PROBLEM STATEMENT:
Copy everything in the data below exactly except the pictures.

****************

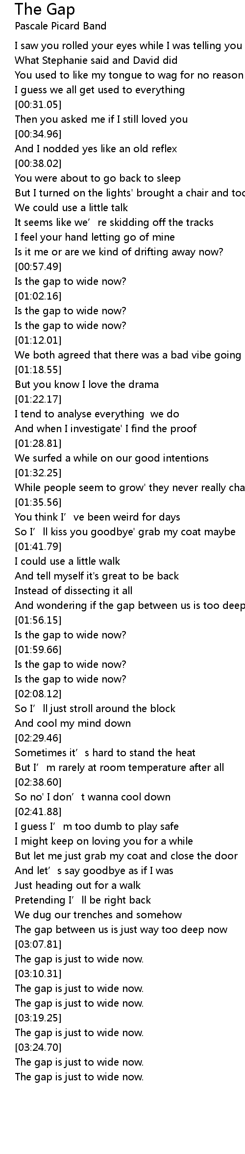 | [01:52.33] | And wondering if the gap between us is too deep now |
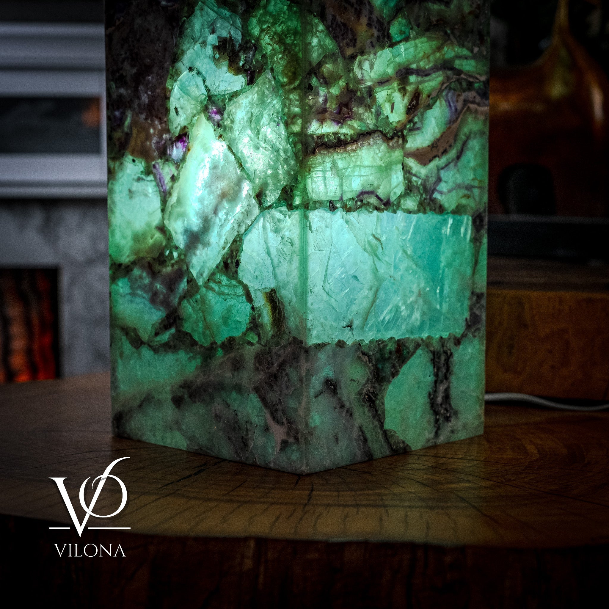 Our unique lighting decor is inspired by the beauty and rarity of these stones. Each lamp gives off a soothing glow that dances around your room, creating a calming yet enchanting atmosphere. Watch as the green, blue, and purple hues play with the light and blend into your home's vibe.
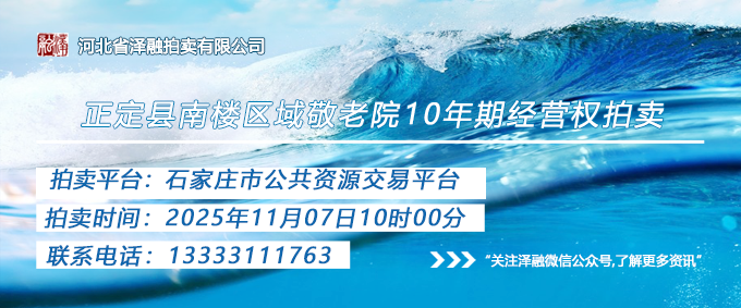 - [拍賣公告]正定縣南樓區(qū)域敬老院10年期經(jīng)營權(quán)拍賣(三次)20251107
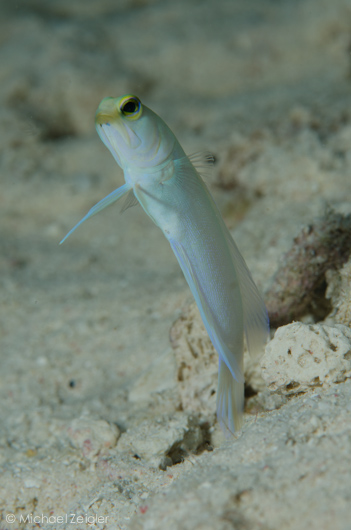 Yellowhead jawfish can be seen near gravel patches in the sand. If you're lucky, you can spot one carrying eggs in its mouth. 105mm macro lens, F16, 1/250, ISO 100.
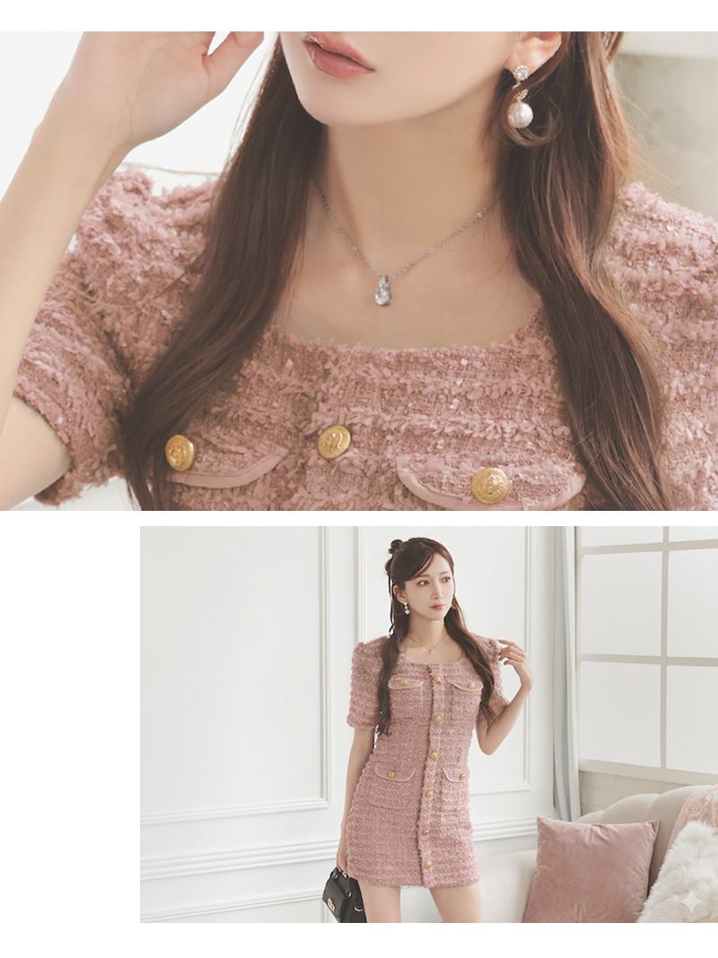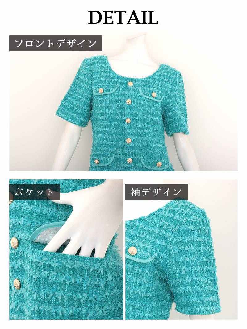 上質な厚手ツイードとゴールドボタンが目を惹く、大人可愛いドール風ミニドレス! ※一部予約販売※高級感のある厚手ツイードにフリンジをあしらった大人可愛いドール風半袖ミニドレス 【Ryuyu】(S/M/L/XL(2L))(グリーン/ピンク)

****************

SOLUTION BELOW:
 | [01:52.33] | And wondering if the gap between us is too deep now |
 Our unique lighting decor is inspired by the beauty and rarity of these stones. Each lamp gives off a soothing glow that dances around your room, creating a calming yet enchanting atmosphere. Watch as the green, blue, and purple hues play with the light and blend into your home's vibe.
 - [拍賣公告]正定縣南樓區(qū)域敬老院10年期經(jīng)營權(quán)拍賣(三次)20251107
 Yellowhead jawfish can be seen near gravel patches in the sand. If you're lucky, you can spot one carrying eggs in its mouth. 105mm macro lens, F16, 1/250, ISO 100.
 上質な厚手ツイードとゴールドボタンが目を惹く、大人可愛いドール風ミニドレス! ※一部予約販売※高級感のある厚手ツイードにフリンジをあしらった大人可愛いドール風半袖ミニドレス 【Ryuyu】(S/M/L/XL(2L))(グリーン/ピンク)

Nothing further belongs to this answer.